_EXERCISE MATERIAL_
+ + +

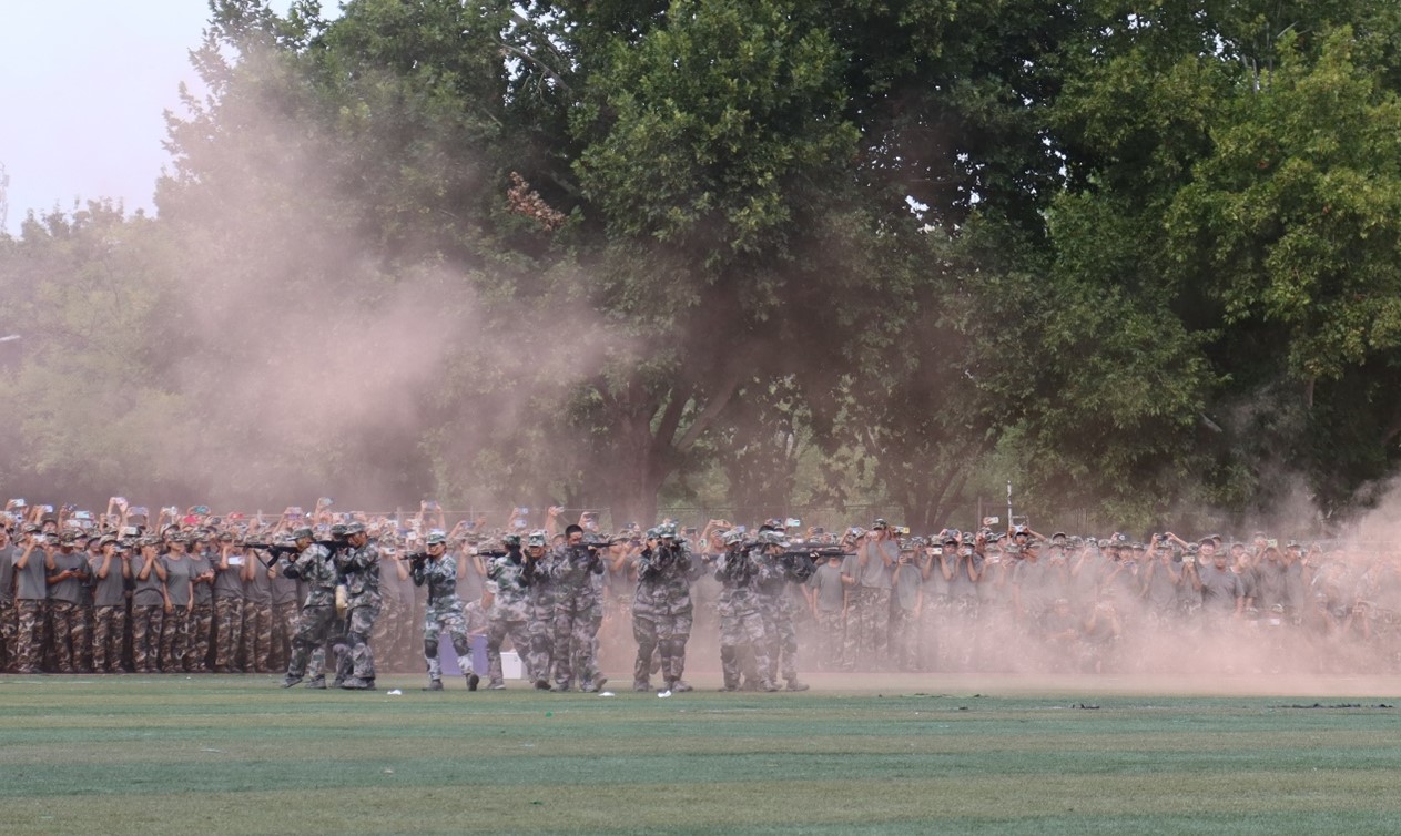 2023级学生军训汇演暨总结表彰大会于南操场进行。富贵险中求
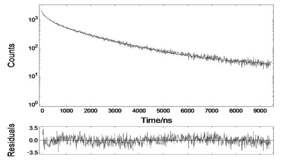 The fluorescence of the DHLA-AuNCs exhibited a double-exponential decay in H2O (321.24 ns (16.27%), 1808.17 ns (83.73%)) (Figure 2). The microsecond emission was deemed to be derived from S–Au hybrid states [36].
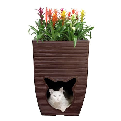 Vaso de planta com casa de gato produzido de resina de polietileno. Não acompanha a planta; Acompanha uma linda almofada dupla face; Medidas: 60cm de Altura 40cm de Largura 25cm de Profundidade 32cm de Base 4 Kg Medidas da porta: 23cm Altura 20cm Largura Grandes Vantagens do Polietileno Grande durabilidade, resistência e leveza; Podem ficar expostos ao sol, chuva, poeira e maresias; Podem ser mantidos em contato permanente com o solo; Impermeáveis e laváveis; Não prolifera fungos e bactérias; Não tóxico; Não mofam e não ressecam; Não soltam farpas ou rachaduras; Não desbotam; Não necessitam de manutenção; Possuem proteção contra raios ultra-violeta UV Duram mais que concreto, cerâmica, fibra e outros
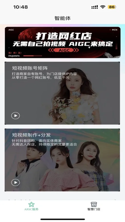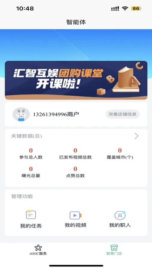 智能体是一款专注为商户提供视频营销赋能的应用。在这里,你可以随时查看我们的智能服务,在接下来的后续更新中,我们将会持续更新发布任务、商品购买等服务
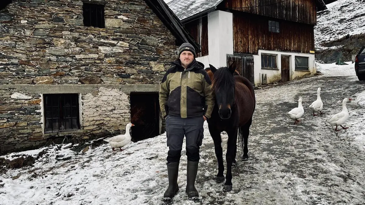Gänsehaut und Gänsemarsch: Christian Bachler auf seinem Hof in Krakauebene, bei eisigen Temperaturen
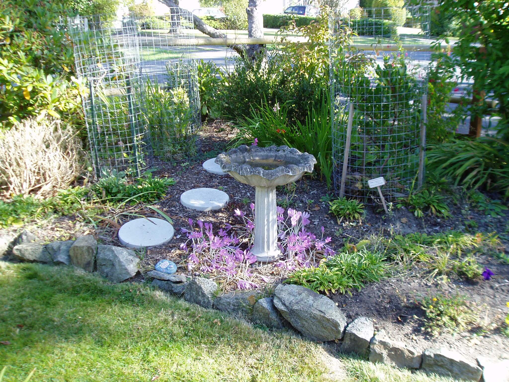Given the birdbath & tiny flower bed was awkwardly adrift in a sea of lawn, I needed imagination. It took me a while to figure out what to do with it.
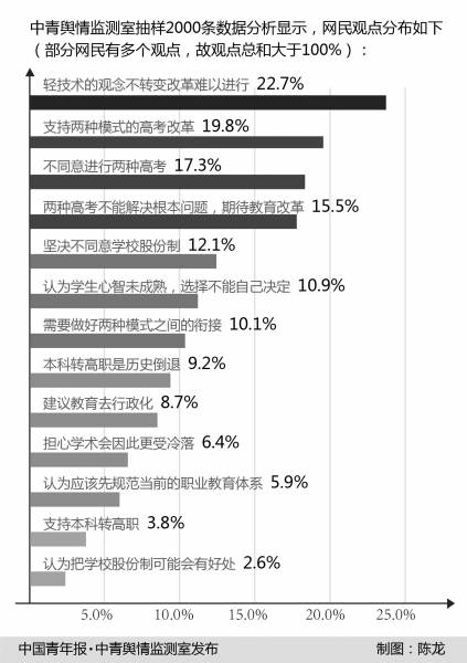 根据中青舆情监测室提供的数据,17.3%的网民不同意进行改革,有10.9%的网友认为,16岁学生心智未成熟,选择不能自己决定。新浪微博网友光未然说,两种模式高考,我并不觉得必须拍案叫好。学生高中就可以选择发展模式,不过金玉其外。16岁的抉择,拼的是父母眼界。
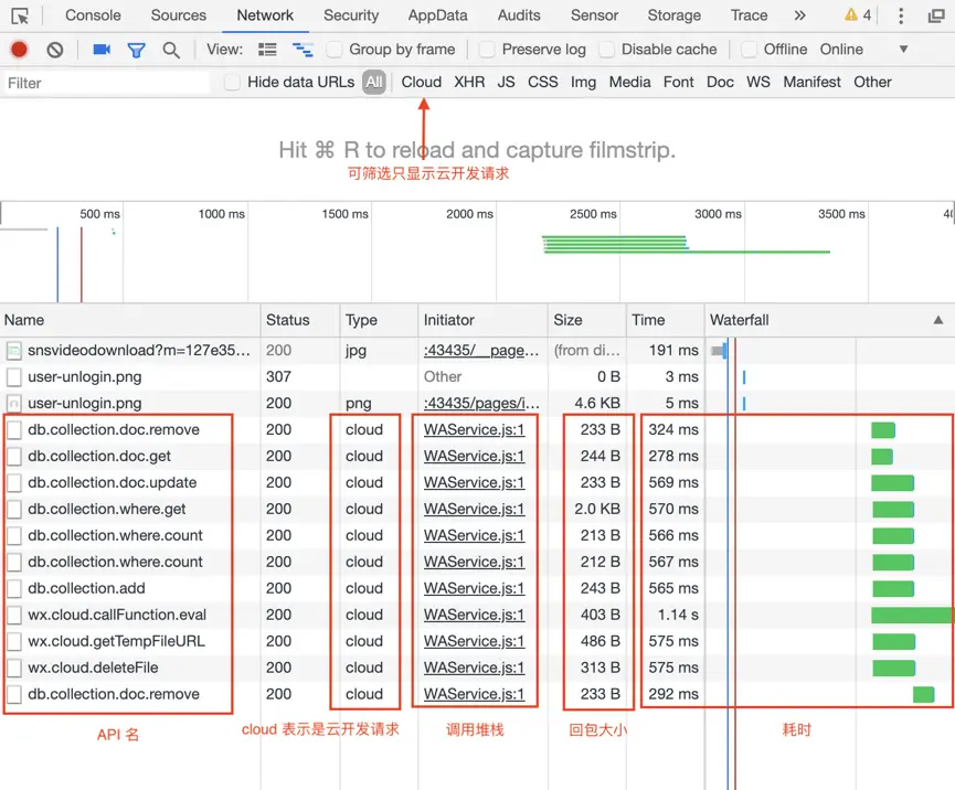 Network 面板展示云开发请求信息:从微信开发者工具 1.02.1905302 及基础库 2.7.1 起,在小程序 Network 面板中会显示云开发请求信息,包括调用所实际请求的环境 ID、请求体、JSON 回包、耗时、及调用堆栈。
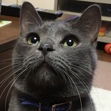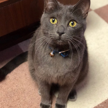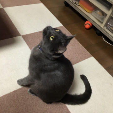 首輪は青で鈴が付いています。家の外には出たことはありません。気が小さく臆病なネコです。

+ + +

_WORK ORDER_
From the line containing "根据中青舆情监测室提供的数据" down to the end of the data above, reproduce each line exactly; no pictures.

_PROBLEM SOLUTION_
 根据中青舆情监测室提供的数据,17.3%的网民不同意进行改革,有10.9%的网友认为,16岁学生心智未成熟,选择不能自己决定。新浪微博网友光未然说,两种模式高考,我并不觉得必须拍案叫好。学生高中就可以选择发展模式,不过金玉其外。16岁的抉择,拼的是父母眼界。
 Network 面板展示云开发请求信息:从微信开发者工具 1.02.1905302 及基础库 2.7.1 起,在小程序 Network 面板中会显示云开发请求信息,包括调用所实际请求的环境 ID、请求体、JSON 回包、耗时、及调用堆栈。
 首輪は青で鈴が付いています。家の外には出たことはありません。気が小さく臆病なネコです。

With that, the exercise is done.